Stored items
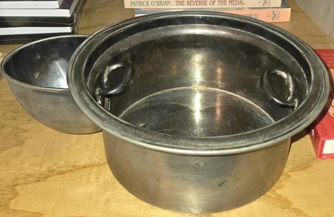 Это пароварка или водяная баня - бенмари (фр. bain-marie). Большая, широкая, но неглубокая кастрюля или прямоугольный невысокий бак с плотно закрывающейся крышкой, наполняемый на четверть, треть или половину кипятком. В бенмари помещаются кастрюли с супами, горшочки и сотейники с готовыми соусами и другими блюдами, которые необходимо держать горячими, но нельзя вновь подогревать перед подачей на стол.
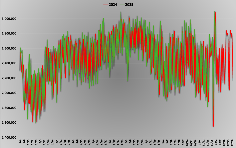 🇺🇸 Daily Passenger Counts at U.S. Airports, 2025 vs. 2024
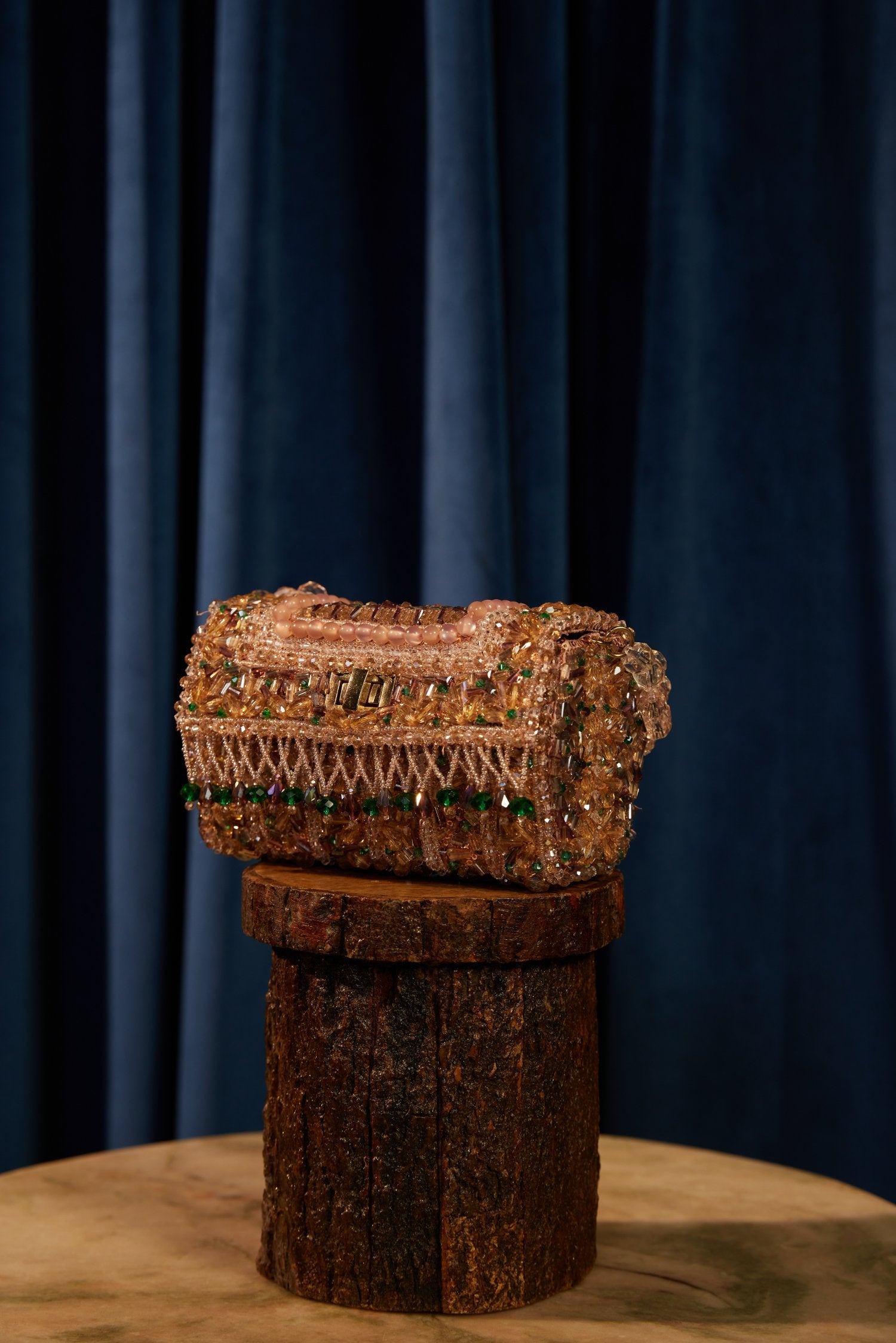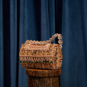 Emerald rosegold bag is made from supple crystals to a sculpted silhouette that echoes the label's meticulous craftsmanship.
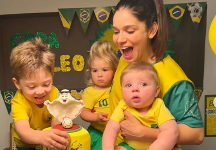 Ela terminou enchendo os herdeiros de carinho. “Às vezes percebo que o tempo está passando rápido demais…daí eu peço baixinho para que ele vá mais de devagar, sabe? Tenho receio de perder alguma fase gostosa sua e dos seus irmãos, mesmo passando a maior parte dos meus dias bem juntinho de vocês rs… Espero poder estar presente em cada pedacinho da sua caminhada. Festejamos por aqui em clima de Copa e desejamos à você um feliz novo ciclo, meu amor!
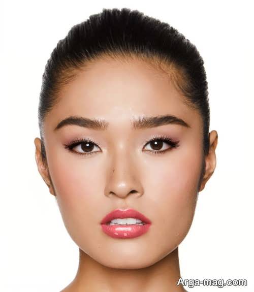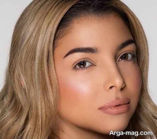 ۵. در این مرحله می توانید رژگونه بزنید که برای زدن رژگونه بهتر است از رنگ های شاد و روشن نظیر هلویی و گلبهی و قهوه ای روشن و … استفاده نمایید.
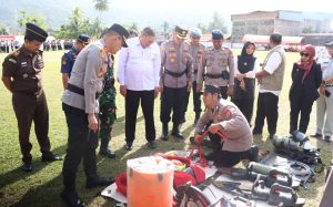 Kapolres Aceh Selatan AKBP T. Ricki Fadlianshah, S.I.K. mengecek kesiapan peralatan
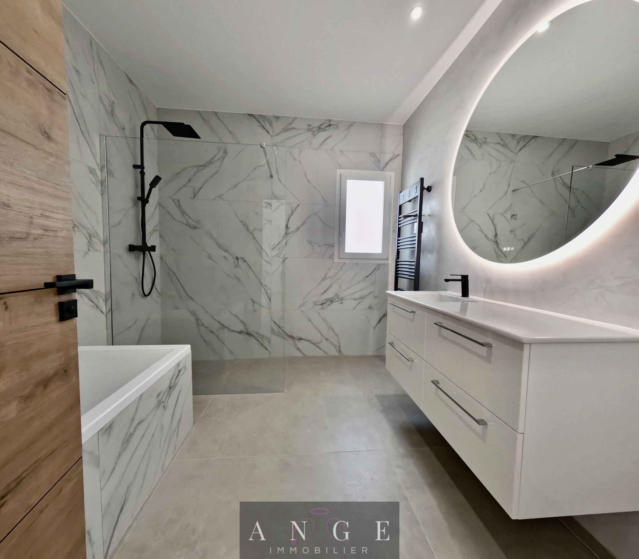 Elle propose 122m2 habitables, jamais habitée avec des prestations haut de gamme: clim réversible, baie galandage, volets roulants, carrelage 120x120...
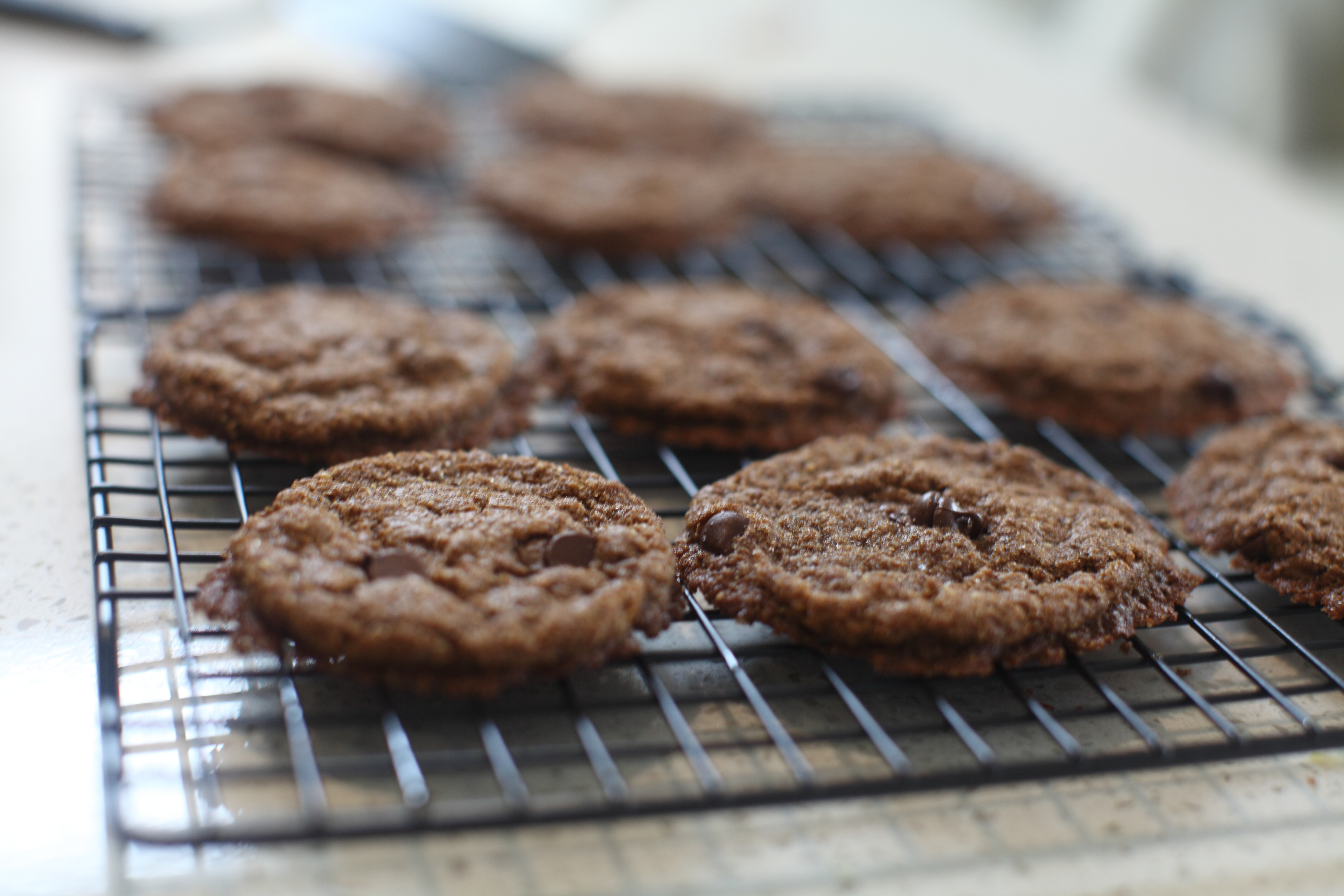 Place in oven to bake 8-10 minutes depending on your oven, but be careful not to over bake!! When you see a nice golden crust form on the edge of the cookies they are done. Remove from oven and let them cool on the baking sheet for 3 minutes. Immediately transfer cookies to a cooling rack to cool completely. This makes about 16 cookies that will magically disappear when your will power has given up and you are tired of waiting for them to completely cool. If you’re fortunate enough to have leftovers, keep in an airtight container.

→ Work request: Would you give again, exactly, the lines in the data above that run from the line containing "۵. در این مرحله" to the line containing "Elle propose 122m2"? Include both ends and no pictures.

→ Solution to the problem:
 ۵. در این مرحله می توانید رژگونه بزنید که برای زدن رژگونه بهتر است از رنگ های شاد و روشن نظیر هلویی و گلبهی و قهوه ای روشن و … استفاده نمایید.
 Kapolres Aceh Selatan AKBP T. Ricki Fadlianshah, S.I.K. mengecek kesiapan peralatan
 Elle propose 122m2 habitables, jamais habitée avec des prestations haut de gamme: clim réversible, baie galandage, volets roulants, carrelage 120x120...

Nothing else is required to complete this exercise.